9. What are the advantages of using unions?
10. What is scope & storage allocation of global and extern variables? Explain with an example.
11. What is scope & storage allocation of static, local and register variables? Explain with an example.

< Previous Questions(1-5) | All | Next Questions(12-16) >

What is recursion? Write a program using recursion (factorial)?
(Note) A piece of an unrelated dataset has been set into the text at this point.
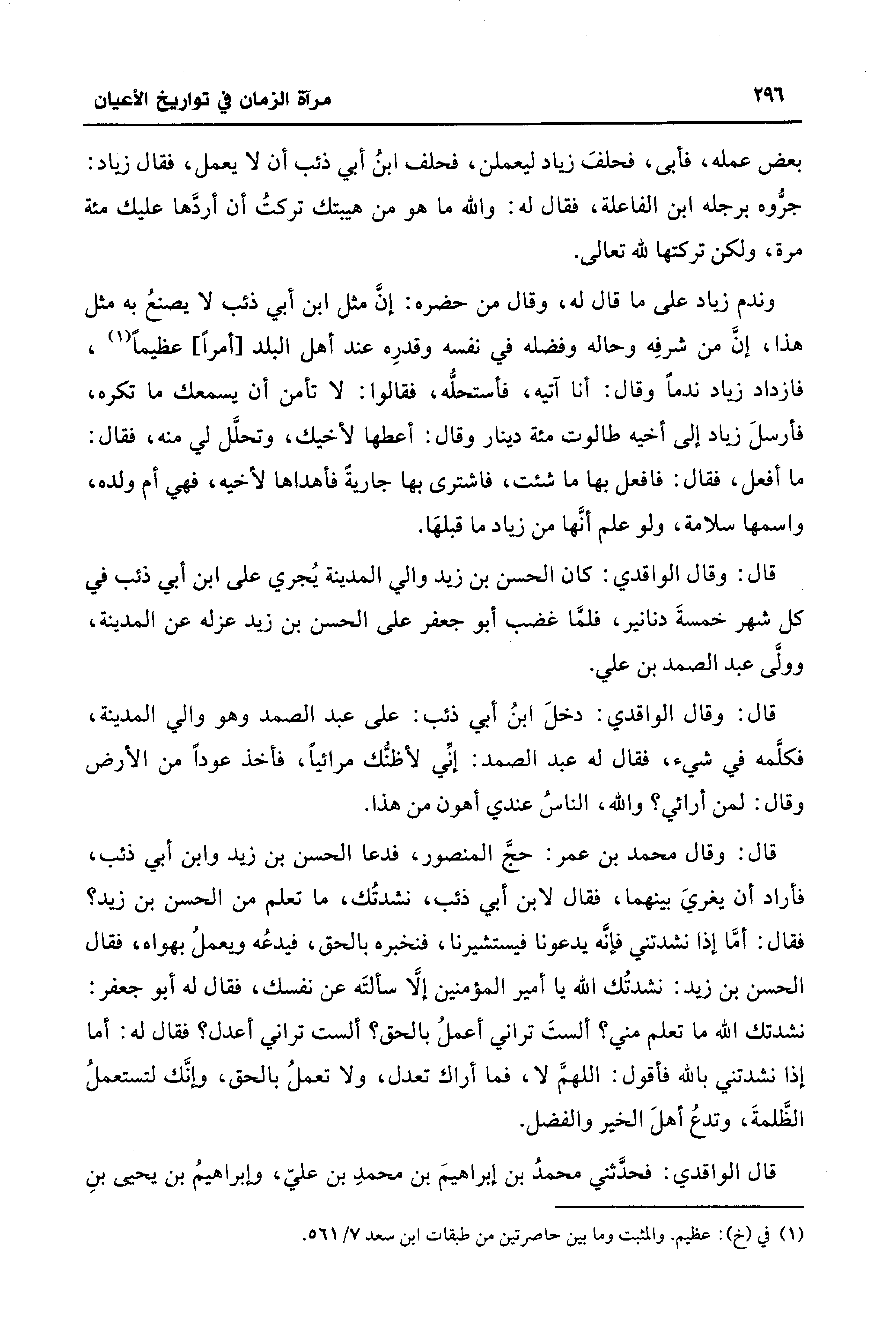 قال: وقال محمد بن عمر: حجَّ المنصور، فدعا الحسن بن زيد وابن أبي ذئب، فأراد أن يغريَ بينهما، فقال لابن أبي ذئب، نشدتُك، ما تعلم من الحسن بن زيد؟ فقال: أمَّا إذا نشدتني فإنَّه يدعونا فيستشيرنا، فنخبره بالحق، فيدعُه ويعملُ بهواه، فقال الحسن بن زيد: نشدتُك الله يا أمير المؤمنين إلَّا سألتَه عن نفسك، فقال له أبو جعفر: نشدتك الله ما تعلم مني؟ ألستَ تراني أعملُ بالحق؟ ألست تراني أعدل؟ فقال له: أما إذا نشدتني بالله فأقول: اللهمَّ لا، فما أراك تعدل، ولا تعملُ بالحق، وإنَّك لتستعملُ الظَّلمةَ، وتدعُ أهلَ الخير والفضل.

Recursion: A function is called ‘recursive’ if a statement within the body of a function calls the same function. It is also called ‘circular definition’. Recursion is thus a process of defining something in terms of itself. Program: To calculate the factorial value using recursion.

#include <stdio.h>
int fact(int n);

int main() {
 int x, i;
 printf("Enter a value for x: \n");
 scanf("%d", &x);
 i = fact(x);
 printf("\nFactorial of %d is %d", x, i);
 return 0;
}

int fact(int n) {
 /* n=0 indicates a terminating condition */
 if (n <= 0) {
  return (1);
 } else {
  /* function calling itself */
  return (n * fact(n - 1));
  /*n*fact(n-1) is a recursive expression */
 }
}

Download Code
Output:

Enter a value for x: 4
Factorial of 4 is 24

Explanation:

fact(n) = n * fact(n-1)
       If n=4
       fact(4) = 4 * fact(3)  there is a call to fact(3)
       fact(3) = 3 * fact(2)
       fact(2) = 2 * fact(1)
       fact(1) = 1 * fact(0)
       fact(0) = 1

       fact(1) = 1 * 1 = 1
       fact(2) = 2 * 1 = 2
       fact(3) = 3 * 2 = 6
       Thus fact(4) = 4 * 6 = 24

Terminating condition(n <= 0 here;) is a must for a recursive program. Otherwise the program enters into an infinite loop.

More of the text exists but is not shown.